**The task:** From the first line of the data below through the line holding "Obklad sauny je", output each line exactly and leave the pictures out.

**Supplied data:**
-=-=-=-=-

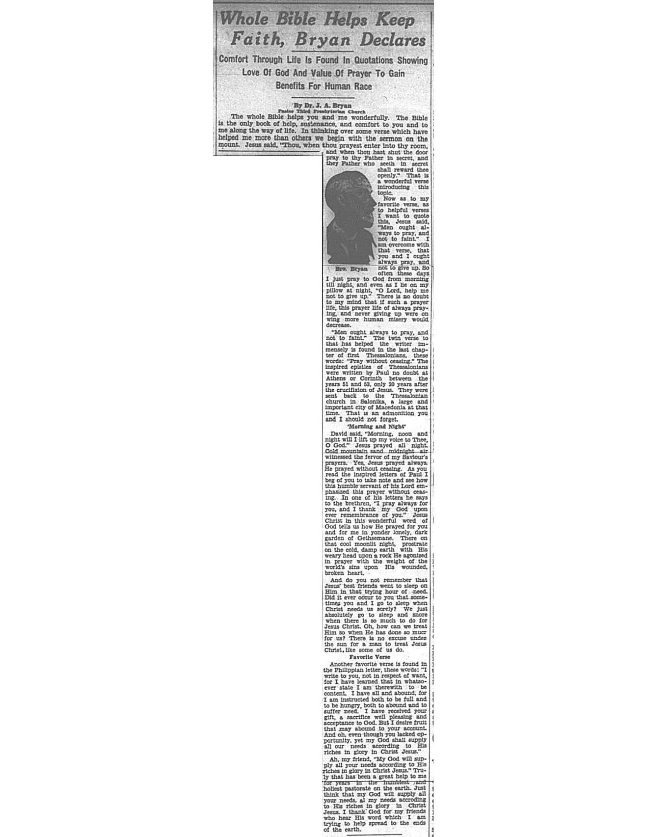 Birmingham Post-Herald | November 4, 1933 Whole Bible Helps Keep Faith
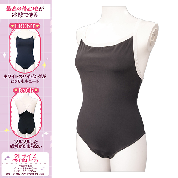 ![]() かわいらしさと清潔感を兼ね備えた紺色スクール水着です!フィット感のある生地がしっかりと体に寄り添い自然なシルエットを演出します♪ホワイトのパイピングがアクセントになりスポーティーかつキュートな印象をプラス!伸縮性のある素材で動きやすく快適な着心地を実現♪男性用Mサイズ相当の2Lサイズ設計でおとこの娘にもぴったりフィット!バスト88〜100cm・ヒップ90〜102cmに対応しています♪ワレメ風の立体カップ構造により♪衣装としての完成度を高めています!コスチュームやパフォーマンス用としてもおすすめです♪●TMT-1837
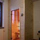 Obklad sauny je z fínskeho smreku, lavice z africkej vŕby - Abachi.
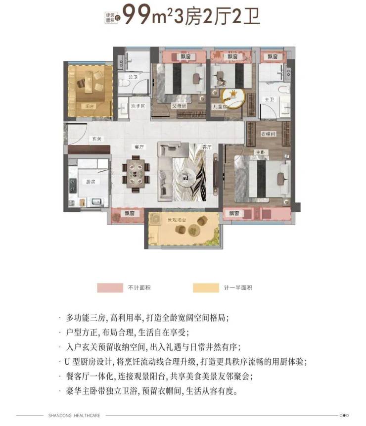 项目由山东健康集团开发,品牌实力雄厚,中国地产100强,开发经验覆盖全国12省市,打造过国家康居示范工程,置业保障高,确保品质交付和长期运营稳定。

-=-=-=-=-

**Answer to this exercise:**
 Birmingham Post-Herald | November 4, 1933 Whole Bible Helps Keep Faith
 ![]() かわいらしさと清潔感を兼ね備えた紺色スクール水着です!フィット感のある生地がしっかりと体に寄り添い自然なシルエットを演出します♪ホワイトのパイピングがアクセントになりスポーティーかつキュートな印象をプラス!伸縮性のある素材で動きやすく快適な着心地を実現♪男性用Mサイズ相当の2Lサイズ設計でおとこの娘にもぴったりフィット!バスト88〜100cm・ヒップ90〜102cmに対応しています♪ワレメ風の立体カップ構造により♪衣装としての完成度を高めています!コスチュームやパフォーマンス用としてもおすすめです♪●TMT-1837
 Obklad sauny je z fínskeho smreku, lavice z africkej vŕby - Abachi.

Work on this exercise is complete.